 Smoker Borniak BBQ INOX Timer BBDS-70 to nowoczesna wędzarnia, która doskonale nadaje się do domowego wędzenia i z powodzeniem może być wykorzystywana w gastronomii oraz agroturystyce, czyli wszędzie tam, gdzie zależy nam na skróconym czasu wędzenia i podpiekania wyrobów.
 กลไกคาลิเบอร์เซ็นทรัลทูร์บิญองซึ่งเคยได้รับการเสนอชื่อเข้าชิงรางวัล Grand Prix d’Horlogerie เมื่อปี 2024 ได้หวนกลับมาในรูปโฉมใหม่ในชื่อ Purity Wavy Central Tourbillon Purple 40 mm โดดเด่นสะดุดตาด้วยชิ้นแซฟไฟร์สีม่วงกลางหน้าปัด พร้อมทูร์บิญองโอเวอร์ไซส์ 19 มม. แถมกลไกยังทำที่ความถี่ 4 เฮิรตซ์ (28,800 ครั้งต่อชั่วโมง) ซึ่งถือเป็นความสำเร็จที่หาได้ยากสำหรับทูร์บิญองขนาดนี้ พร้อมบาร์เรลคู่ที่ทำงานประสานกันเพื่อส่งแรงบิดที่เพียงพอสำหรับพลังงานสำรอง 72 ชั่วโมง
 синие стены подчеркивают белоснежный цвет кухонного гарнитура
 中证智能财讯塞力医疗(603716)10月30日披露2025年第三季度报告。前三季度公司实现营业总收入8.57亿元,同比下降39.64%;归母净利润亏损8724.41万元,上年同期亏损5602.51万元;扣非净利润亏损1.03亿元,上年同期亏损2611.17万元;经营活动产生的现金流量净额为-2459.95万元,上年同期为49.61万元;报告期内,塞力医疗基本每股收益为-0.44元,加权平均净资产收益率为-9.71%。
...
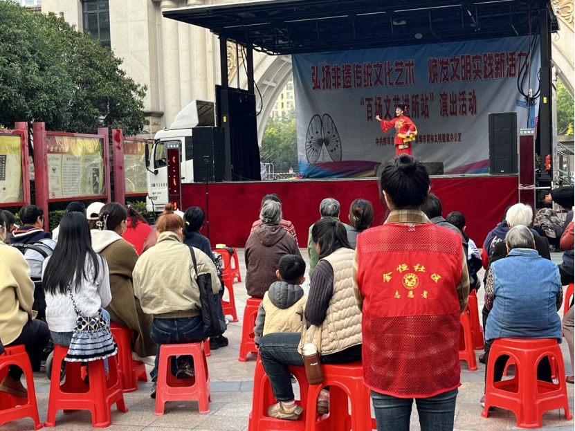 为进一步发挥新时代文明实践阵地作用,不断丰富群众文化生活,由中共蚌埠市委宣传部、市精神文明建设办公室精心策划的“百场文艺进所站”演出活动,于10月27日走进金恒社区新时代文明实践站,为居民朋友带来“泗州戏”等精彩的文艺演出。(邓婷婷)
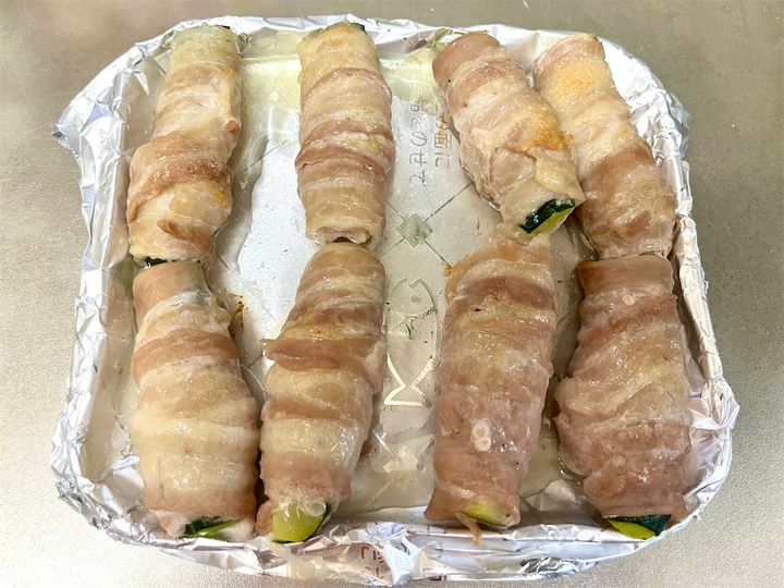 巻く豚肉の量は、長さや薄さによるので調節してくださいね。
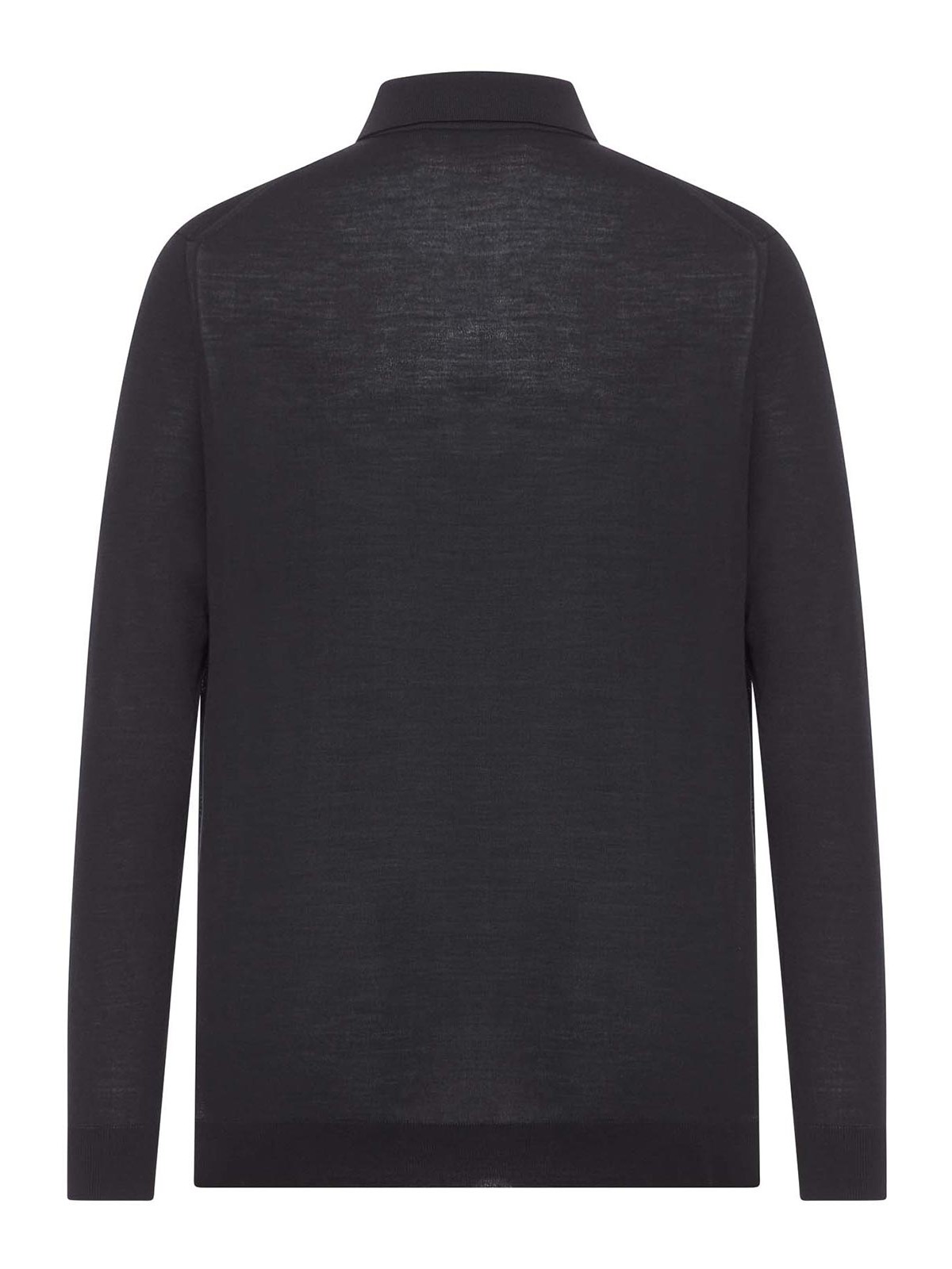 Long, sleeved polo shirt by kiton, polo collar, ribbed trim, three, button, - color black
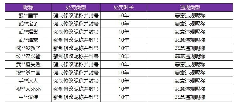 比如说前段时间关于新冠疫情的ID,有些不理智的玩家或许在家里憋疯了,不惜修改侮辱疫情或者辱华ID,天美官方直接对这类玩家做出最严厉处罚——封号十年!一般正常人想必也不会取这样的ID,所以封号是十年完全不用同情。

*About this task*. Reproduce only the lines above, starting at the line with "Grand Prix d’Horlogerie" and ending at the line with "синие стены подчеркивают", exactly as written.

*Response area*.
 กลไกคาลิเบอร์เซ็นทรัลทูร์บิญองซึ่งเคยได้รับการเสนอชื่อเข้าชิงรางวัล Grand Prix d’Horlogerie เมื่อปี 2024 ได้หวนกลับมาในรูปโฉมใหม่ในชื่อ Purity Wavy Central Tourbillon Purple 40 mm โดดเด่นสะดุดตาด้วยชิ้นแซฟไฟร์สีม่วงกลางหน้าปัด พร้อมทูร์บิญองโอเวอร์ไซส์ 19 มม. แถมกลไกยังทำที่ความถี่ 4 เฮิรตซ์ (28,800 ครั้งต่อชั่วโมง) ซึ่งถือเป็นความสำเร็จที่หาได้ยากสำหรับทูร์บิญองขนาดนี้ พร้อมบาร์เรลคู่ที่ทำงานประสานกันเพื่อส่งแรงบิดที่เพียงพอสำหรับพลังงานสำรอง 72 ชั่วโมง
 синие стены подчеркивают белоснежный цвет кухонного гарнитура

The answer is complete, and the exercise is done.